O'Banion's Bar
- Interactive map of O'Banion's Bar
- Address: 661 N. Clark St.
- Location: Chicago, Illinois
- Coordinates: 41°53′39.1″N 87°37′51.6″W﻿ / ﻿41.894194°N 87.631000°W
- Type: Nightclub

Construction
- Opened: 1978
- Closed: 1982

= O'Banion's =

O'Banion's was a nightclub located at 661 N. Clark St. in Chicago's River North neighborhood. Named for Chicago Irish gangster Dion O'Banion, it was established in June 1978, inside what had formerly been McGovern’s Saloon (itself an infamous Chicago gangster bar where a young O'Banion had performed as a singing waiter) as well as a series of strip clubs and gay bars. Chicago's first Punk club Le Mer Viper had burned down two months prior, and O'Banion's began to form the epicenter of the city's early punk scene in what was then a notorious skid row area as well as hire many of the former employees of Le Mer Viper.

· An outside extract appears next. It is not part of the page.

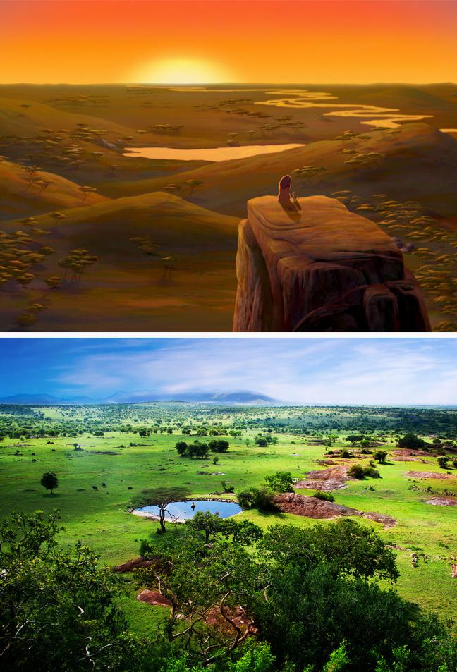 2. Мир Симбы в мультфильме «Король Лев»: Серенгети — огромный регион равнин и одно из лучших мест в мире, в котором посетители могут наблюдать за львами в их естественной среде обитания.
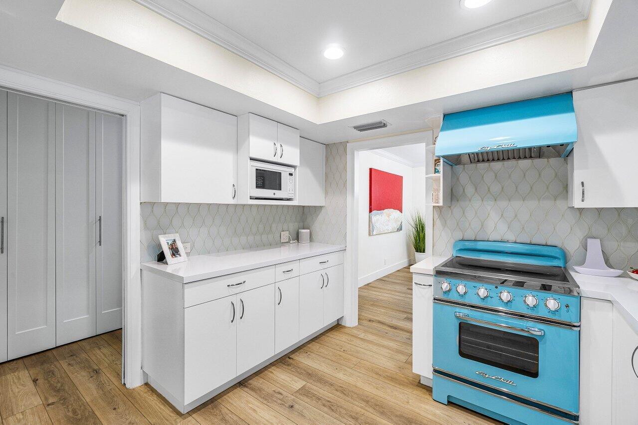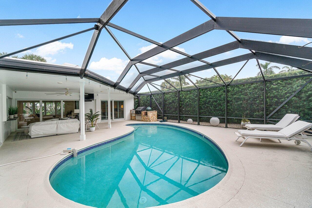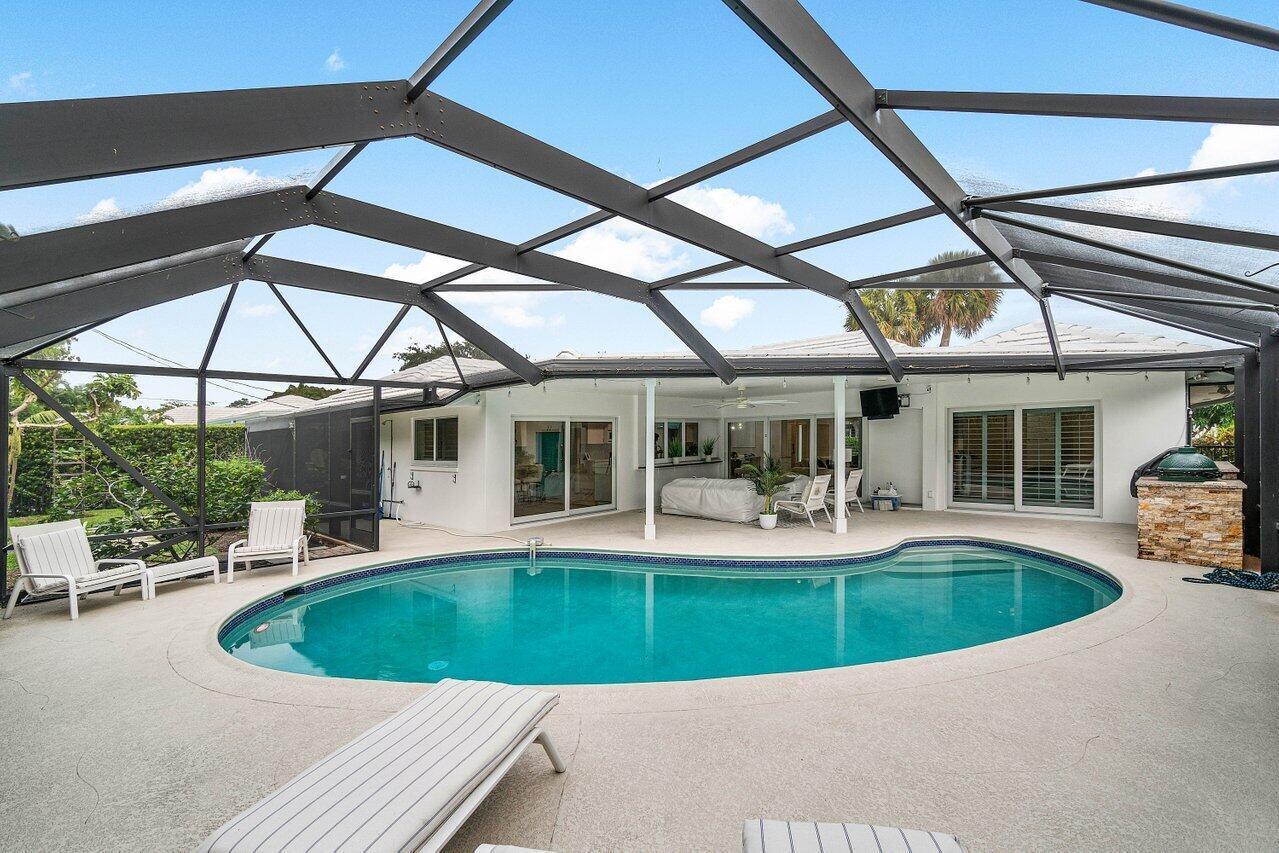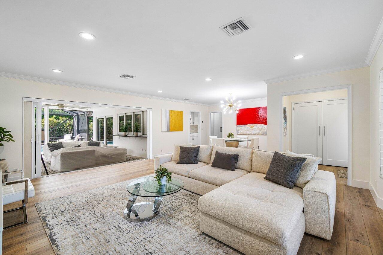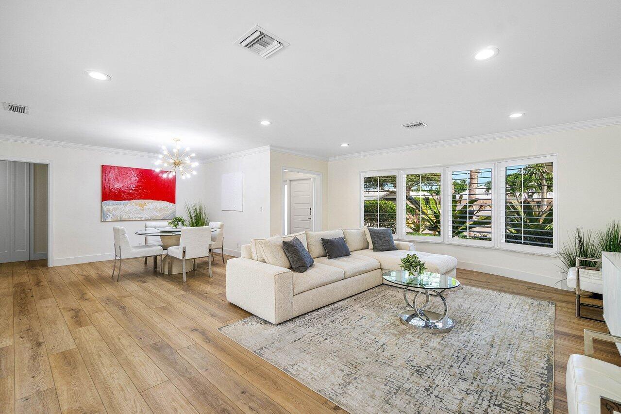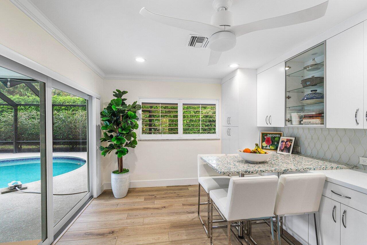 Welcome to this beautifully renovated mid-century modern gem, nestled in the highly sought-after Camino Gardens community of East Boca Raton. Thoughtfully designed and impeccably maintained, this home features a desirable split-bedroom floor plan and offers the perfect blend of timeless character and modern elegance. The light-filled interior includes a spacious great room, formal dining area, cozy breakfast nook, and an interior utility room equipped with a premium Asko washer and dryer. The chef's kitchen is a true showpiece, featuring white quartz countertops, Big Chill appliances including an induction cooktop, custom cabinetry, a sleek glass backsplash, and designer lighting that adds both function and flair. Peace of mind comes standard with full HURRICANE protection, including

The club promoted shows by national-touring acts including Toxic Reasons, Hüsker Dü, The Replacements, and Dead Kennedys. Additionally, numerous bands from Chicago's own music scene began playing shows there before achieving wider success, including Naked Raygun, Strike Under, Ministry, and Skafish.

In 1979, the club began hosting newly popular new wave bands after a series of difficulties with their earlier clientele, but owner Rus Cramsie closed the venue in 1982 after encountering financial difficulties.

The building was eventually renovated into The Kerryman bar and restaurant as River North began to gentrify in the 1990s.